Er arbeitete den ganzen Tag, teilte seine Zeit zwischen den beiden Booten auf, die er fertig stellen wollte. Stunden vergingen – sollte er sie anrufen? Unter dem Vorwand, dass er sich nur nach ihrem Befinden erkundigen wollte? Oder sollte er versuchen, ihr die ganze Sache nochmals zu erklären?
Mit dem Stolz hatte es eine seltsame Bewandtnis. Beinahe so schlimm, wie einem Betrüger auf den Leim zu gehen, war das Wissen, wie nahe er daran gewesen war, mit ihm gemeinsame Sache zu machen.
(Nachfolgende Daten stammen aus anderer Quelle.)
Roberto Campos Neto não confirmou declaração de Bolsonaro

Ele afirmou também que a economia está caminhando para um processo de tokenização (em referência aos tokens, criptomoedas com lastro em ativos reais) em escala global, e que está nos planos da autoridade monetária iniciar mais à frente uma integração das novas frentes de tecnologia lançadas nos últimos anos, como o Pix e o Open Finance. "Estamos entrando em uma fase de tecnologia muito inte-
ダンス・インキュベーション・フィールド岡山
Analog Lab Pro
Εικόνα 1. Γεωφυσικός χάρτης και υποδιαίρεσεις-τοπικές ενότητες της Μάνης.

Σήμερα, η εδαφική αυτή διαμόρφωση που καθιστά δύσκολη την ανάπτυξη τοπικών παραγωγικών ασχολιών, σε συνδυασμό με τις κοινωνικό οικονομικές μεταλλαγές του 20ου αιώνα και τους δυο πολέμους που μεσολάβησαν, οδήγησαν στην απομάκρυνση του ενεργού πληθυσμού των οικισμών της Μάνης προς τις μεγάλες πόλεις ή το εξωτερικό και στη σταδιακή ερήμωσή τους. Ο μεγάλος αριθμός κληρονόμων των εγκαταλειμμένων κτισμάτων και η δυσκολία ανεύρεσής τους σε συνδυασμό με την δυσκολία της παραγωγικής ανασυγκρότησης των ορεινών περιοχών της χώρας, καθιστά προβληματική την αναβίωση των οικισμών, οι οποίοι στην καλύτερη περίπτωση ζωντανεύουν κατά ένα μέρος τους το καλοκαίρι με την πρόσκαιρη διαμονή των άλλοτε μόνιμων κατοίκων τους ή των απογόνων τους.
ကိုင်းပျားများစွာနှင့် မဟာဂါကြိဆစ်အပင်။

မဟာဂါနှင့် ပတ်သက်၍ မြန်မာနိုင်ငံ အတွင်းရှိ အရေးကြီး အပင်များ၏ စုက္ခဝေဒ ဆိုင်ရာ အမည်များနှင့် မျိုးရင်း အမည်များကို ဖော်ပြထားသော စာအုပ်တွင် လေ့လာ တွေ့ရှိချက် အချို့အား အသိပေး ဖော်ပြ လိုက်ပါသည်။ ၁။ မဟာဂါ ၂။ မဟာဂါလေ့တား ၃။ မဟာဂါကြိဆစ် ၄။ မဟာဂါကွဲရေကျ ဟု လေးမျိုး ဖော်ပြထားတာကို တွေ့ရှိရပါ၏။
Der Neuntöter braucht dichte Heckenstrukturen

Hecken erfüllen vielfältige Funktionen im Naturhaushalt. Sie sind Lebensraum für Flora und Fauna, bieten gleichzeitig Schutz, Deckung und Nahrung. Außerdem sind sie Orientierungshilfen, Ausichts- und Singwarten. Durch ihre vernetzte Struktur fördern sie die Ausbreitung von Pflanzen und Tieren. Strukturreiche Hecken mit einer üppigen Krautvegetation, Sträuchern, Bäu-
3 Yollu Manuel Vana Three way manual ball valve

Und das nicht mit irgendjemandem: nein, mit dem verstorbenen Ehemann einer Frau, in die er sich gerade verliebte. Dass er dem FBI die ganze Geschichte erzählt hatte, machte ihm genauso schwer zu schaffen.
Joe hatte zugehört, sich Notizen gemacht; einmal hatte er gefragt, ob Dan einen Anwalt hinzuziehen wolle. Dan hatte Ruhe bewahrt, sich um eine nichtssagende Miene bemüht. Aber innerlich hatte er gezittert.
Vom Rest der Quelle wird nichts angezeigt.